Switching doesn’t require major changes in industrial processes—only that there’s enough renewable power to meet demand.
Technical limitations at existing facilities and limited financial incentives to update them mean Australia’s smelters can’t easily ramp up or down. Electricity demand is almost constant.
Renewables such as solar and wind can do the job once “firmed,” meaning the power is stored to be available as needed. Smelters could also use technology to be more flexible with the timing of energy consumption.
To their credit, some aluminum companies are already working to cut emissions. In 2024, Rio Tinto announced a deal to power its Gladstone aluminum operations with renewables.
The real challenge is ensuring enough renewable energy in the grid for smelters to tap into, alongside new solar and wind to electrify homes and businesses.
Globally, more than a third (34%) of the total electricity used to make aluminum now comes from zero-emissions sources—almost entirely from hydroelectric plants. Hydropower is well suited to powering smelters because it allows for continuous and cheap electricity once built. Tasmania’s Bell Bay smelter is powered by hydroelectricity, for instance.
Expanding aluminum production through hydropower is limited, however, due to a lack of suitable sites of the right scale and location.
Do we need a policy to make green aluminum a reality?
Aluminum production in Asia is steadily increasing, powered by fossil fuel plants. Vietnam is investing A$11.7 billion in boosting output, for instance.
Australian aluminum smelters risk being outcompeted. The industry’s best chance is to meet the growing demand for green products. But to do this affordably, the smelters require reliable, near-zero emissions electricity supply at low cost.
Energy infrastructure must be planned at sufficient speed and scale to both achieve Australia’s export ambitions and meet increasing domestic demand.
To do this, as our research shows, Australia needs to double the capacity of renewable projects currently in progress.
Over the past decade, Australia’s electricity prices have increased substantially, particularly due to rising gas prices.
In response, governments have moved to shield aluminum smelters from price rises. In 2021, the previous government announced a A$150 million subsidy for Victoria’s Portland smelter. By contrast, this new federal government incentive is aimed at reducing emissions and accelerating the energy transition.
Over time, smelter operators may see opportunity in changing when they use the most electricity, to soak up cheap solar during the day and scale back during evening peaks. This would be good for smelters and would reduce electricity prices for all consumers.
Government and industry will have to work together
Sun, wind, bauxite and water resources mean Australia has natural advantages in green aluminum. But it’s not a given.
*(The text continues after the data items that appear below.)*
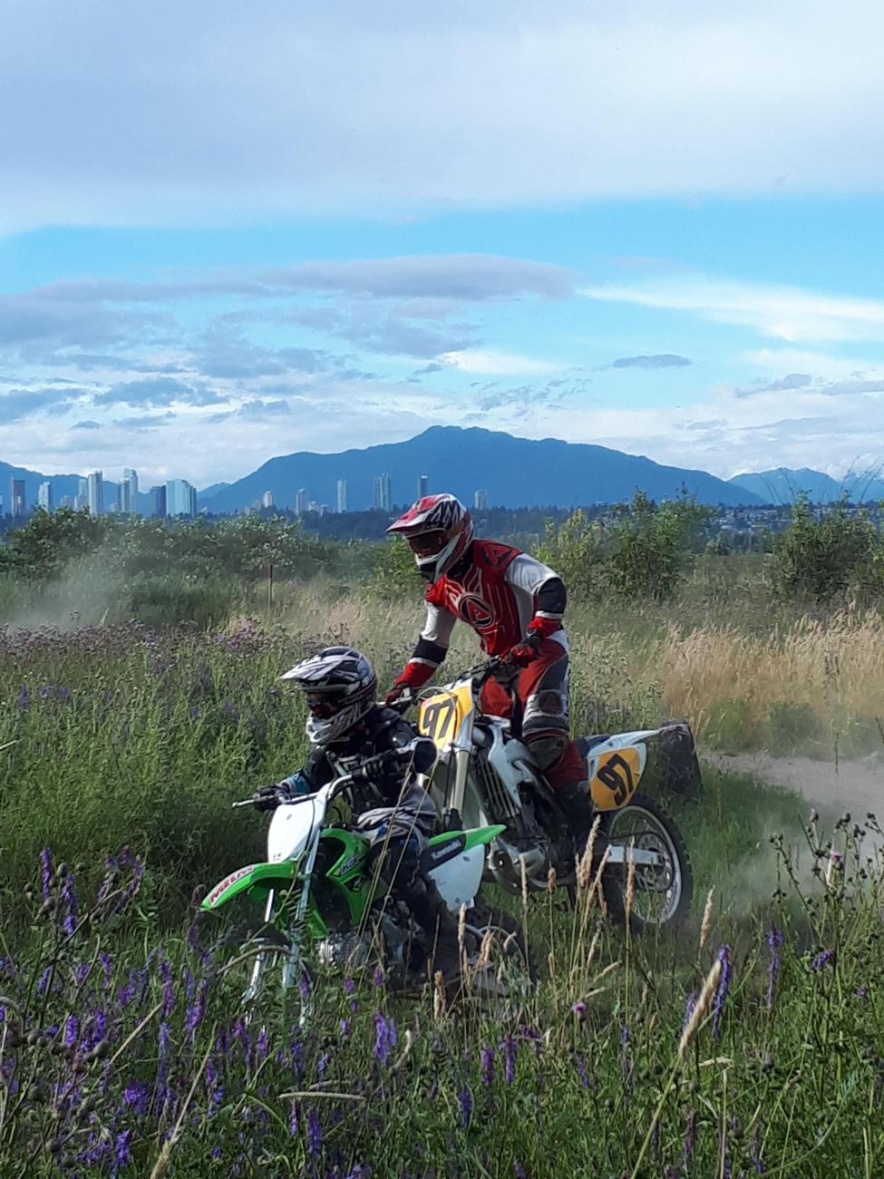 Launching the PW50 at the RISK Moto Track with Bill and Lars. Summer of 2018
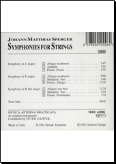 SPERGER, Johann Matthias. Symphonies for strings [zvukový záznam]. [Bratislava]: Trevak, [1992]. 1 CD audio (68:41).
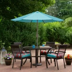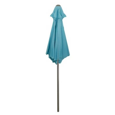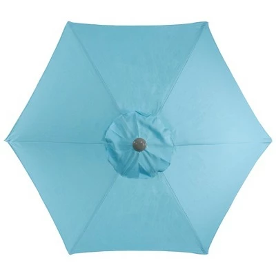 Enjoy tons of fresh air this summer without having to sit in the hot sun. Ideal for covering a 30-inch bistro style table. Features a sturdy, powder-coated aluminum frame with steel ribs, built to last a lifetime. The crank opening allows for ease of use. Features:Umbrella shape: hexagon Canopy color: turquoise blue Frame and pole color: brown Diameter of open umbrella: 6.5′ Height: 7.5′ Pole diameter: 1.5″ (38mm) Lift: hand crank 6 ribs Material(s): 160 gram polyester canopy/powder-coated aluminum pole/steel ribs Note: Umbrella only, base is not included
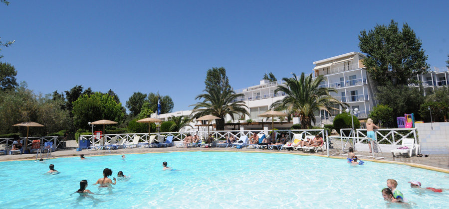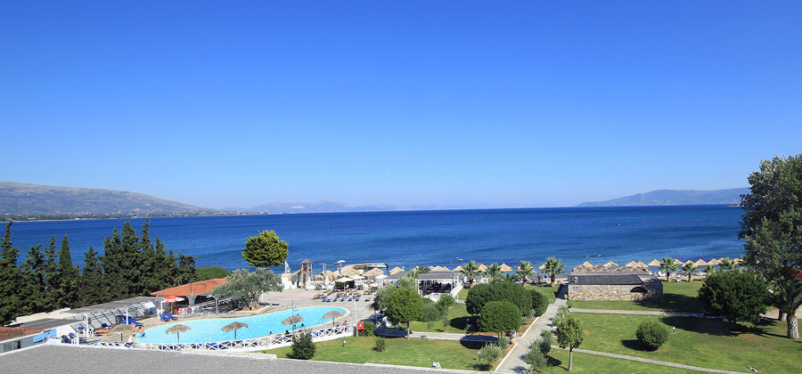 Grand Blue 3* - Nalazi se na samoj plaži i sastoji se od glavne zgrade sa 96 soba i 3 apartmana i više od 75 bungalova smeštenih u dvospratnim zgradama. Hotel sadrži: recepciju (24h), glavni restoran, “a la carte” restoran, grčku tevernu pored plaže, bazen, bar na plaži, glavni bar, bar na bazenu, wi fi, video igre, bilijar, mini market, prodavnicu nakita, diskoteku, sportove na vodi, vrtić, mini klub za decu od 4 do 12 godina, pranje veša, parking, menjačnicu, bankomat, lift. Sve sobe imaju A/C, SAT TV, TV flat screen, frižider, kupatilo, telefon, balkon ili tersu.
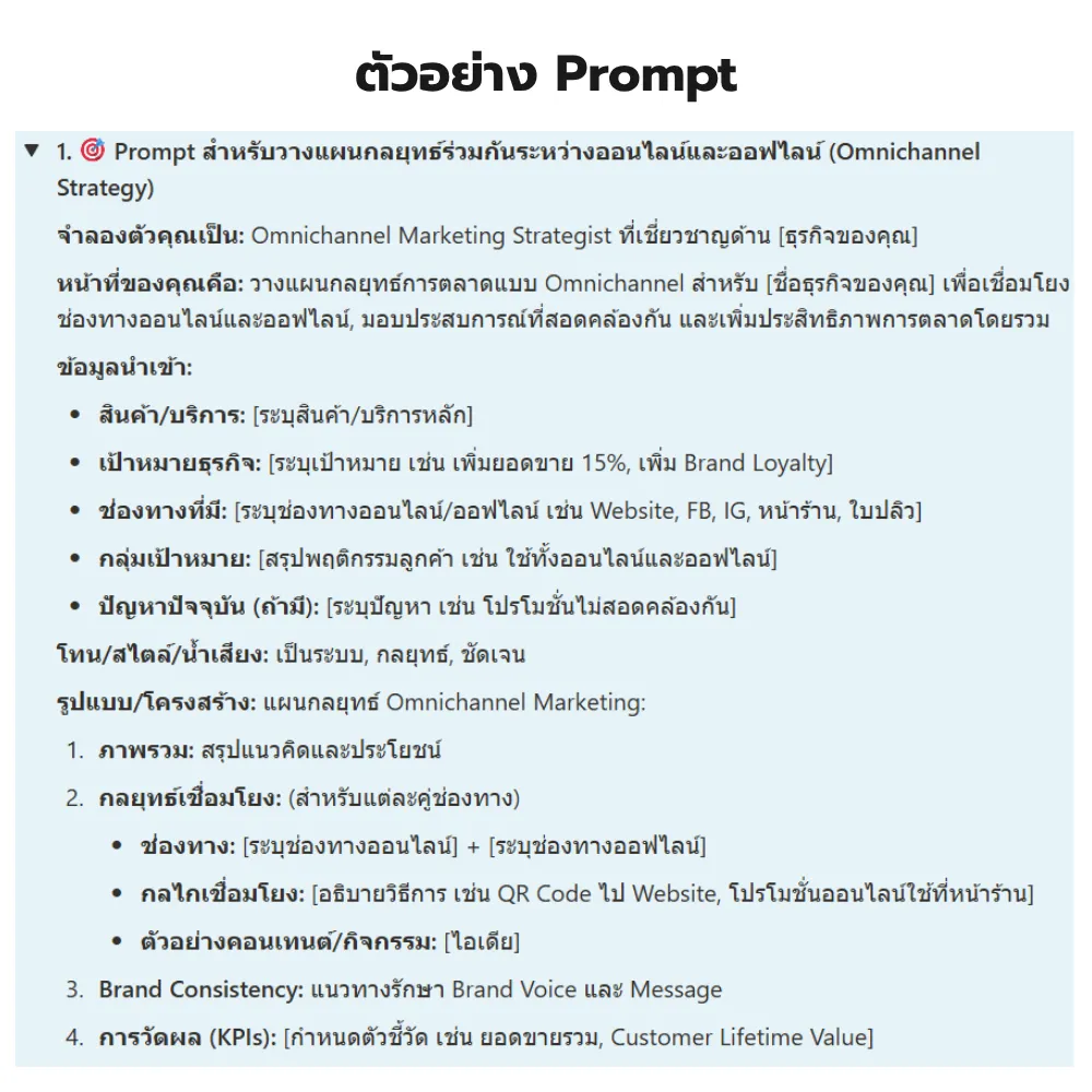 ✔ Prompt สำหรับวางกลยุทธ์การตลาด 360 องศา: Branding, Awareness, Conversion

If done well, tax credits or subsidies can kick-start a market for green products and give companies the certainty to take the plunge. Once running, the government can then remove the incentives.
As we tackle harder sectors such as chemical manufacturing, mineral refining, steelmaking and mining, we will need yet more firmed renewables. Shifting alumina refineries to clean energy will take yet more power.
Green aluminum offers a chance to slash Australia’s emissions while capitalizing on growing demand for low-carbon products.
While these government incentives will start the process, it will take steady work from industry and government to make it a reality. Coordinated, strategic action will be necessary to future-proof our industrial heartlands.
This article is republished from The Conversation under a Creative Commons license. Read the original article.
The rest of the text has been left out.